"Comme président de la Juventus, je dois protéger le club du mieux possible", a déclaré Agnelli en conférence de presse.
"Aujourd'hui Petrucci a invité tout le monde à protéger le monde du sport et à respecter les règles. La Juventus l'a toujours fait", a-t-il insisté en réponse au président du Coni, qui avait, plus tôt dans la journée, fustigé la Juve pour son arrogance et lui avait demandé d'accepter sa sanction, de cesser d'interjeter appel et d'arrêter de tenter de manipuler le système judiciaire.
La Juventus, dépossédé en 2006 de ses titres 2005 et 2006 pour son implication dans le Calciopoli (influences d'arbitres) a fait appel devant de nombreuses institutions en vue de la restitution de ses titres. Dernier épisode en date, mardi: la Juve a présenté un recours devant le Tribunal administratif régional du Latium contre la Fédération italienne (FIGC), demandant plus de 400 millions d'euros de dommages et intérêts.
Andrea Agnelli a par ailleurs demandé une réforme des institutions sportives: "Nous devons tous faire un pas en avant et nous avons besoin d'un nouveau ministre (des Sports)." "Nous devons créer une commission politique qui examinerait à nouveau les faits de 2006", a-t-il déclaré.

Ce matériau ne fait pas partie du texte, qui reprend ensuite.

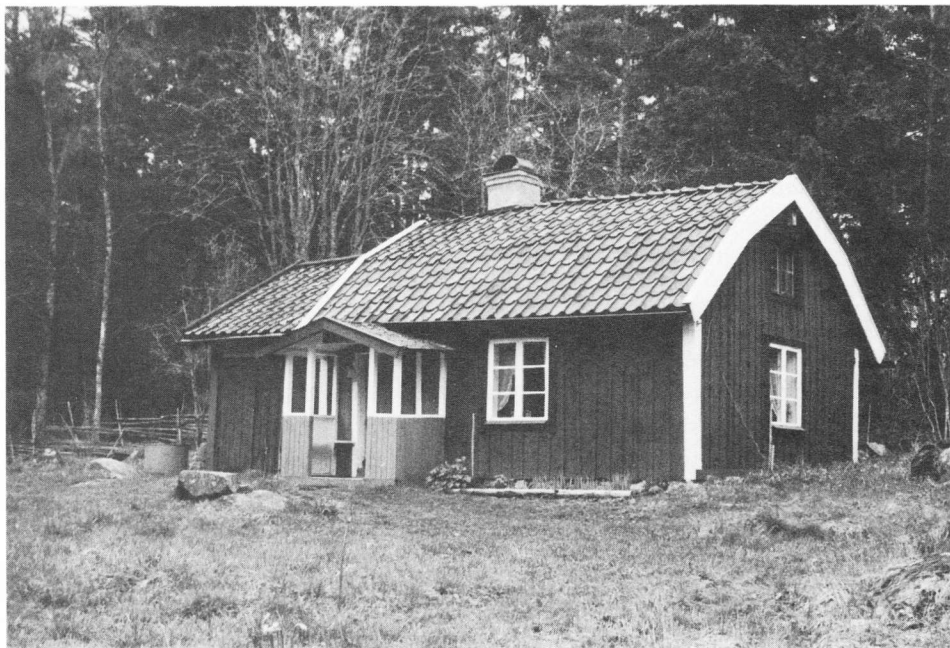
Backstugan Fridhem den 1 maj 1983.

"Nous avons besoin de lois sur les institutions sportives, d'une réforme de la justice sportive et d'une révision de la loi Melandri (sur la répartition des droits TV du football, NDLR). Le football de haut niveau est un business qui brasse des centaines de millions d'euros et il doit disposer de lois appropriées", a-t-il conclu.